Bireysel özellikler ve karakter farklılıklarından bağımsız, psikoloji ve nöroloji alanındaki bilimsel araştırmalar diyor ki, bizler olumsuza, en kötü senaryoya, var olan yanlışa veya noksana, hatta azlık/yokluk/kıtlık gibi olumsuz düşünme biçimlerine eğilimliyiz… Ama…. Yine aynı bilim dalları çok harika bir haber daha veriyor… Bizler öyle güçlü varlıklarız ki, doğru yönlendirmelerle zihnimizi eğitebilir, olumluyu, kabul edilir ve yaşanır senaryoyu, var olanı, hatta ve hatta bolluğu görebilir hale gelebiliriz.
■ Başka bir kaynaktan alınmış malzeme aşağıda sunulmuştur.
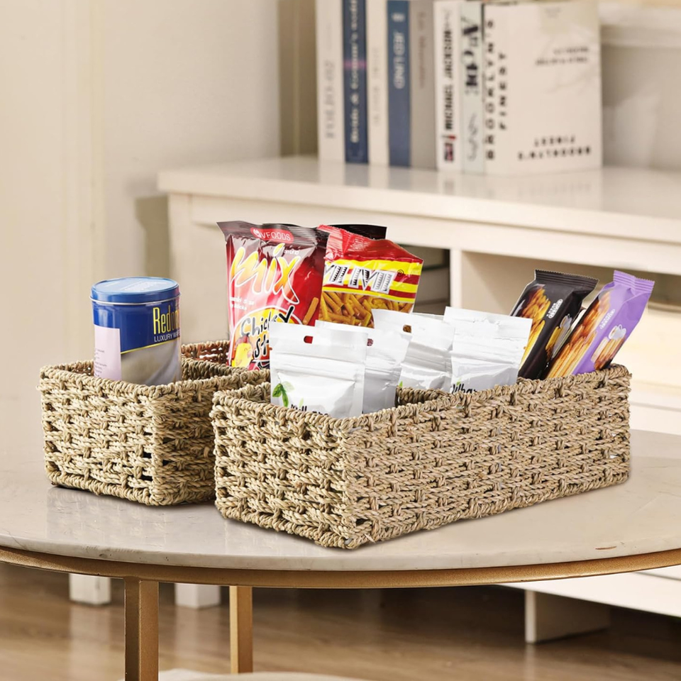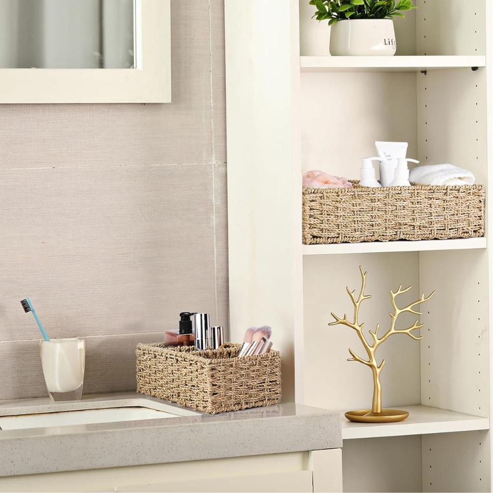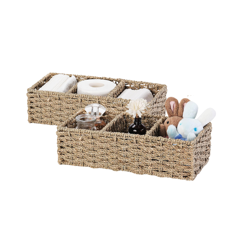 Wholesale Vietnam-Made Rectangle 3-Section Seagrass Woven Basket Colorful Toys Storage for Bathroom Kitchen
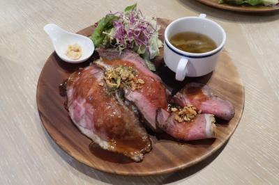 ●SHIMANONE特製ローストビーフ丼 大きなローストビーフは火の通し加減も良く、しっとりやわらか。掛けられたグレイビーソース(?)が肉の旨味を引き立て、添えられたホースラディッシュが味を引き締めます。下には温泉卵とご飯。合わせる事で味変も楽しめ、美味しかったです。
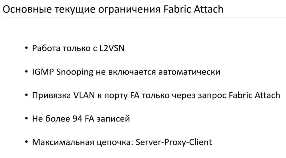 И в заключение приведем основные текущие ограничения Fabric Attach.
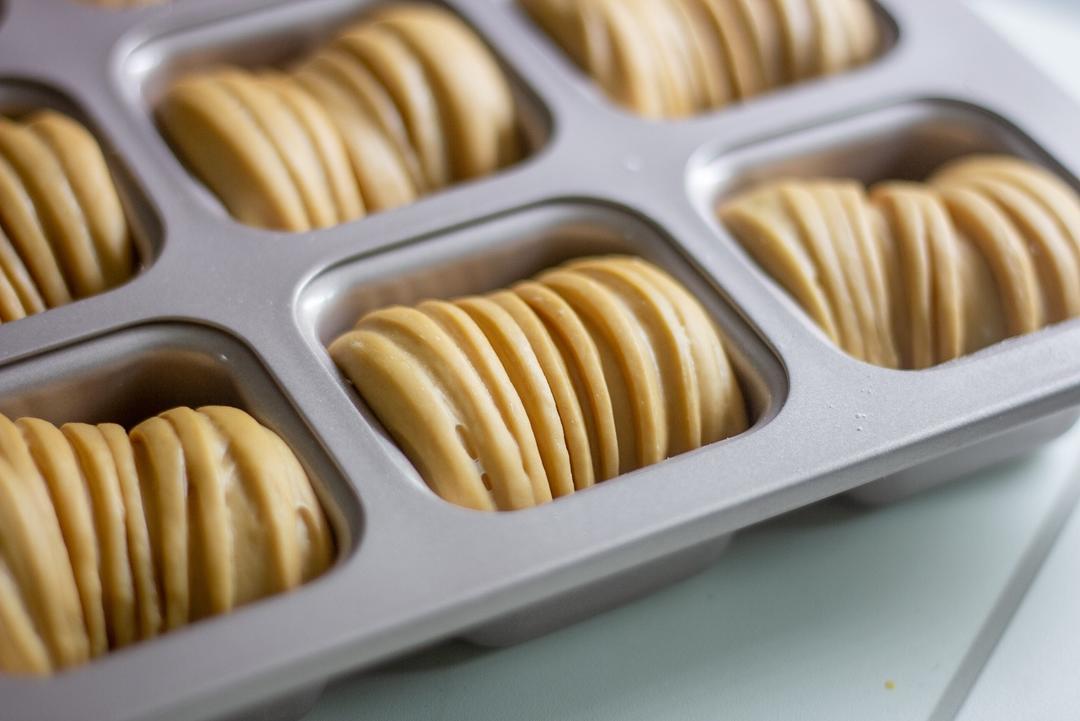 一个小时左右取出发酵好的面团按压排气,等分12份,滚圆后盖上保鲜膜松弛20分钟。如果做450克吐司不分割直接整形。

Ama nasıl?
İşte bunun cevabı ilerleyen haftalarda bu köşede yer alacak… “Pozitif Farkındalık” köşesi, var olanı görebilme yetimiz üzerine yoğunlaşacak hikayeler, anekdotlar, veya fikirlerle döşeli bir mecra olacak… Özellikle şu zorlu günlerde, en iyi sebze-meyveyi seçer gibi, zihnimizi bilinçle ve farkındalıkla, olası olumlu senaryoları seçmeye ve düşlemeye yönlendirmeye eğitebileceğiz…
Duygu, düşünce ve davranışlarımızın uyum içinde olduğu bir “huzur”, “esenlik”, ve “mutluluk” içinde bir yaşantı kim istemez ki…. Quantum fizikçileri der ki, “bizler kendi gerçeğimizi kendimiz yaratırız…” Bu durumda iş bize düşüyor! Var mısınız? Ben varım!